This study gives the unwarranted impression that it is a disservice to children with autism to use the WISC-IV. Let me be clear—I want to be helpful to children with autism. I certainly do not wish to do anything that hurts anyone. A naive reading of this article leads us to believe that there is an easy way to avoid causing harm (i.e., use the Raven’s Progressive Matrices test instead of the WISC-IV). In my opinion, acting on this advice does no favors to children with autism and may even result in harm.

Based on the evidence presented in the study, the average score differences between children with and without autism is smaller on Raven’s Progressive Matrices (RPM) and larger on the WISC-IV. The rhetoric of the introduction leaves the reader with the impression that the RPM is a better test of intelligence than the WISC-IV. Once we accept this, it is easy to discount the results of the WISC-IV and focus primarily on the RPM.

There is a seductive undercurrent to the argument: If you advocate for children with autism, don’t you want to show that they are more intelligent rather than less intelligent? Yes, of course! Doesn’t it seem harmful to give a test that will show that children with autism are less intelligent? It certainly seems so!

Such rhetoric reveals a fundamental misunderstanding of what individual intelligence tests like the WISC-IV are designed to do. In the vast majority of settings, they are not for *certifying* how intelligent a person is (whatever that means!). Their primary purpose is to help psychologists understand what a person can and cannot do. They are designed to help explain what is easy and what is difficult for a person so that appropriate interventions can be selected.

The WISC-IV provides a Full Scale IQ, which gives an overall summary of cognitive functions. However, it also gives more detailed information about various aspects of ability. Here is a graph I constructed from Figure 1 in the paper. In my graph, I converted percentiles to index scores and rearranged the order of the scores to facilitate interpretation.

It is clear that the difference between the two groups of children is small for the RPM. It is also clear that the difference is also small for the WISC-IV Perceptual Reasoning Index (PRI). Why is this? The RPM and the PRI are both nonverbal measures of logical reasoning (AKA *fluid intelligence*). Both the WISC-IV and the RPM tell us that, on average, children with autism perform relatively well in this domain. The RPM is a great test, but it has no more to tell us. In contrast, the WISC-IV not only tells us what children with autism, on average, do relatively well, but also what they typically have difficulty with.

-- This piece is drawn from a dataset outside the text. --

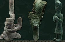 最早发现于20世纪20年代末的三星堆遗址,算得上“横空出世”。1986年在遗址祭祀区发掘1、2号“祭祀坑”,出土青铜神像、青铜人像、青铜神树、金面罩、金杖、大玉璋、象牙等珍贵文物千余件,多数文物前所未见,尤以80余件青铜雕像为前所未见的重器。这些“惊世大发现”,揭示了一种全新的青铜文化面貌。

It is no surprise that the largest difference is in the Verbal Comprehension Index (VCI), a measure of verbal knowledge and language comprehension. Communication problems are a major component of the definition of autism. If children with autism had performed equally well on the VCI, we would wonder whether the VCI was really measuring what it was supposed to measure. Note that I am not saying that a low score on VCI is a requirement for the diagnosis of autism or that the VCI is the best measure of the kinds of language problems that are characteristic of autism. Rather, I am saying that children with autism, on average, have difficulties with language comprehension and that this difference is manifest to some degree in the WISC-IV scores.

The WISC-IV scores also suggest that, on average, children with autism not only have lower scores in verbal knowledge and comprehension, they are more likely to have other cognitive deficits, including in verbal working memory (as measured by the WMI) and information processing speed (as measured by the PSI).

Thus, as a clinical instrument, the WISC-IV performs its purpose reasonably well. Compared to the RPM, it gives a more complete picture of the kinds of cognitive strengths and weaknesses that are common in children with autism.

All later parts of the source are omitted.